"Вниз по реке (Сборник рассказов)" - читать интересную книгу автора (Радов Анатолий Анатольевич)

Анатолий Радов ВНИЗ ПО РЕКЕ (Сборник рассказов)

Город

Внутри меня живёт много людей, и все они очень разные. Например, Грустный — он грустный, а Весёлый — весёлый. Они не похожи друг на друга, как две капли воды, ведь это всё ерунда, что две капли воды похожи. Такое мнение сложилось оттого, что люди невнимательно смотрят на эти маленькие составляющие влаги, а это в свою очередь оттого, что они им не интересны. В самом деле, что может быть интересного в каплях? — думают они, и продолжают любить море только целиком.

А мой город состоит из капель, и каждая капля интересна сама по себе.

Грустный интересен своей грустью, а Весёлый своим весельем.

Когда я прогуливаюсь по улицам, я люблю поболтать с жителями-каплями. Это, как пить воду, суть и того и другого — утоление жажды.

Как и в любом городе, в этом есть и центральные, подсвеченные неоновыми огнями надежды, проспекты, а есть и тихие полутёмные улочки, на которых почти никогда никого нельзя встретить, есть районы спокойные (по-моему, там живёт Спокойный, нужно будет потом уточнить), а есть такие, где даже я побаиваюсь пройти.

Но страшнее, и одновременно интереснее всего в этом городе — свалка.

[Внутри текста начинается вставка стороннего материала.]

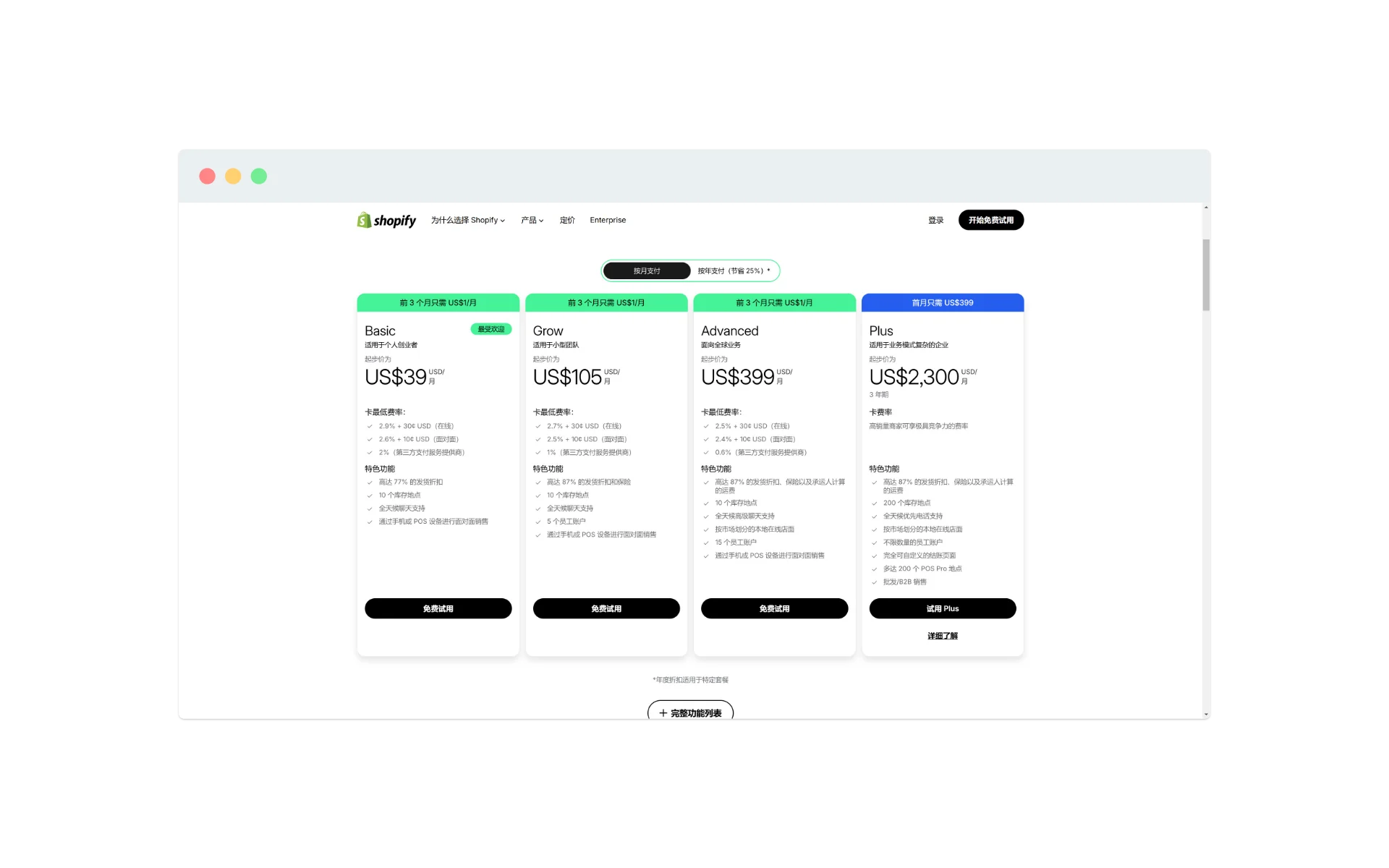https://www.shopify.com/zh/pricing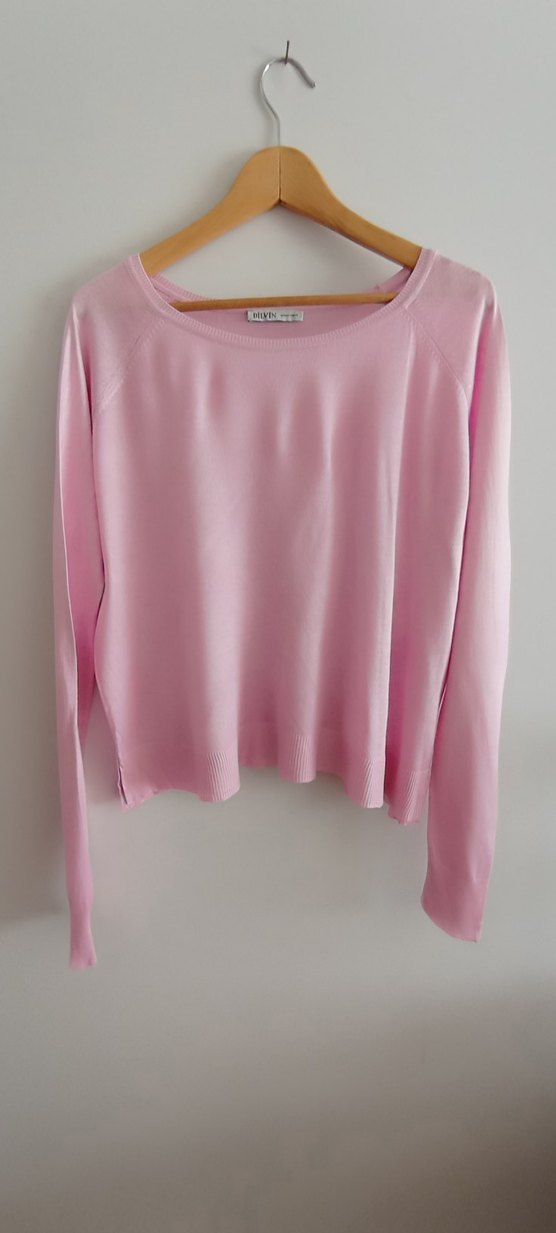 Kadınlar için yuvarlak yaka ve uzun kollu, pastel pembe renginde, hafif parlak ve yumuşak dokulu, sade ve rahat kesime sahip kazak.

Хотя она и находится где-то отдельно, за чертой, но само знание того, что она есть, заставляет меня время от времени с чувством робости и волнения покидать уютные проспекты и улочки и идти к ней. С близкого расстояния свалка кажется не такой страшной, как в представлении, там не бегают огромные крысы, не живут одноглазые(потому что другой глаз прогнил и вытек) люди в лохмотьях, тянущие к тебе покрытые язвами руки, там даже нет неприятного запаха, наверное потому… потому что мысли не гниют и не пахнут, даже если они завалявшиеся.

Но всё равно, когда я копаюсь в них, я часто оборачиваюсь, а вдруг кто-нибудь в это время наблюдает, как я роюсь в давно выброшенном старье. Это словно рефлекс, какая-то глупая условность — копаться в свалках стыдно — но ведь нигде больше нет столько интересного, как среди выброшенного!

В самом центре города, на улице украшенной разноцветными флажками и шарами, и из-за этого пахнущей ожиданием чуда, есть небольшая гостиница, в которой всего один номер. Я не люблю большие шумные компании, потому, больше одного гостя бывает редко. Но если всё же гостей больше, тогда я закрываю этот единственный номер на два замка (на верхний и нижний), и брожу с гостями по городу, стараясь показать его, таким, какой он есть. Хотя, конечно, многие зачастую показывают, чтобы скрыть.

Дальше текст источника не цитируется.